A hierarchical Bayesian approach applies shrinkage to the effect of treatment on the incidence of the AEs. The direction and the amount of shrinkage is determined by the weight matrices and is based on the MedDRA structure. This shrinkage is sub-optimal when the interest is in specific outlying AEs, as the shrinkage smooths the effect of the outlier, making it less likely to be detected. We argue that this shrinkage is mostly beneficial as it increases the probability of detecting a true effect overall. However, the proposed model might not be the optimal choice if a specified AE is of particular interest.

With our multi-level hierarchical Bayesian model, convergence issues may occur. In our case study we did not encounter any convergence issues with the thresholds that we used for the incidence and the number of MedDRA siblings. Our simulation study had some convergence issues that could be avoided by increasing these thresholds and by drawing more samples from the posterior distributions. Other solutions are changing the settings of the HMC sampling or use an alternative parameterization of the model such as models in which the intensity of the treatment group is independent of the intensity of the control group.

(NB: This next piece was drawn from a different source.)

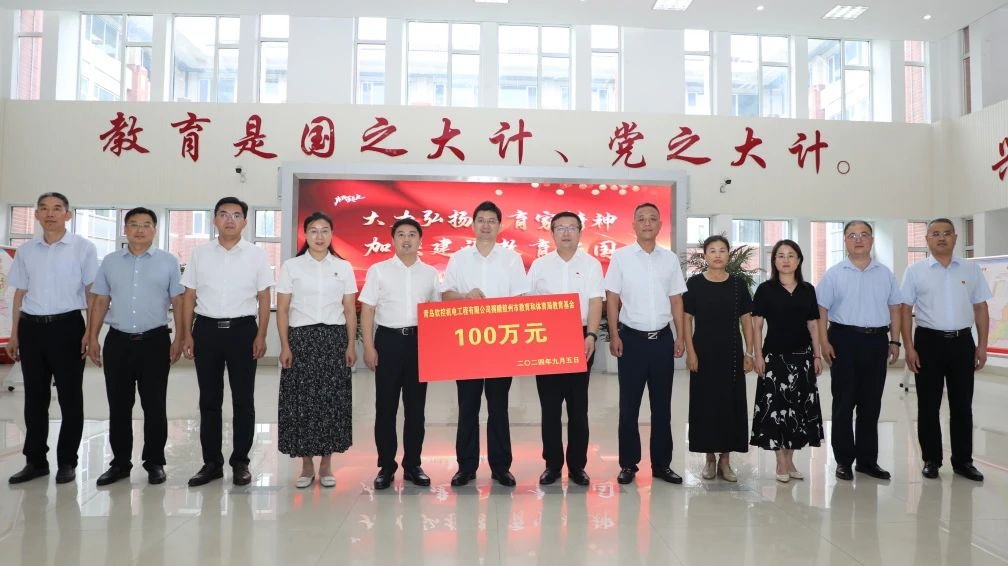 9月5日,在第 40 个教师节来临之际,青岛u体育机电工程有限公司向胶州市教育和体育局捐赠100万元,仪式在胶州市教育体育局举行。胶州市委常委、统战部部长,市政府副市长董如增出席;胶州市教育和体育局党组书记、局长、市委教育工委常务副书记尹少杰,青岛u体育机电工程有限公司总经理武守涛参加仪式并讲话。

With a full Bayesian framework, the conclusion might change based on the priors. We choose to use weakly informative priors instead of relying on medical knowledge. In order to evaluate the effect of the prior specifications, we carried out a sensitivity analysis in which we used more informative and less informative priors. In summary, with less informative priors, we had more convergence issues. However, the difference in results was small. Therefore, we concluded that with the proposed priors, results are robust.

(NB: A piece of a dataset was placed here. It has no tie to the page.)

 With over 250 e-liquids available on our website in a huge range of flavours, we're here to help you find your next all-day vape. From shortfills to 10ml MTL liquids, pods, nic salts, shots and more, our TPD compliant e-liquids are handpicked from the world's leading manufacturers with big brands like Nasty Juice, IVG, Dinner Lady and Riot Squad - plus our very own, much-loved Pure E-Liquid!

In the models by Berry and Berry (2004) and Xia et al. (2011), a zero-point mass was added to the log OR [10, 16]. The intuition behind this is that there will be no difference between the treatment groups for most AE/PTs. We did this for our model as well. However, this did perform worse in terms of convergence with our case data. Therefore, we did not pursue this approach any further.

7 Conclusion

This paper introduces a new approach to analyzing AE data from an RCT, by using the MedDRA structure and by borrowing strength from closely related AEs and data aggregation. With our case study we showed that this new approach could detect more AEs compared with other approaches. We implemented the new method in the R package BAHAMA. We have currently only implemented this method for RCTs comparing two interventions. In the future this will be extended for multi-arm RCTs.